On a higher level this fight inspired many of us that a non-Chinese could work himself into Hong Kong action. But on a lower level I never watched this on repeat the way I watched First Strike or New Police Story's finale on repeat. Boxing gloves, even MMA gloves, reduce movement options, yet the flurry of attacks reduces the impact. The kicks are great, but they're tit for tat and not as domineering. It feels that everything Brad does, Jackie has an answer that's less out of the box and more "I can do that too".
What never felt right was the entire "Let's just be happy" gag, inspired by some packaging Jackie's character finds in the location. I don't wanna get too tabloid-like, but the year before Gorgeous, he had an affair with Elaine Ng. The entire "just be happy" guise always felt like a projection, and I never bought it, but now it makes sense at least. Jackie always had interesting ways to turn fights, but this was hack.
I'm not dissing my hero, I swear.

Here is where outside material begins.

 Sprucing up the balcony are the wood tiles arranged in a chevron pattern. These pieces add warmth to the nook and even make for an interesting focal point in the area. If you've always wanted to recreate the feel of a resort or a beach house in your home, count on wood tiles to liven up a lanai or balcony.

I had the tiniest of fame in the early 2010s, and with that came literally dozens of opportunities to ruin my life, get an STD, destroy my marriage, say something that would get me killed. I have no idea how anyone would navigate moderate fame, let alone global fame like Jackie. When I was going through rough patches, my decisions were also less-than-creative, more projection than anything. It's super hard to create an interest setup and resolution to a fight scene; most people do it terribly. Jackie had done it flawlessly for two decades, so for him to slip up and make an otherwise technically great fight less-than-spectacular doesn't soil his record at all. It just shows that he's human like all of us. He's still my hero and always will be.
Jackie Chan and Brad Allan in Gorgeous (1999) fight with this weird mix of competitiveness and mutual respect that makes the whole sequence feel playful instead of angry.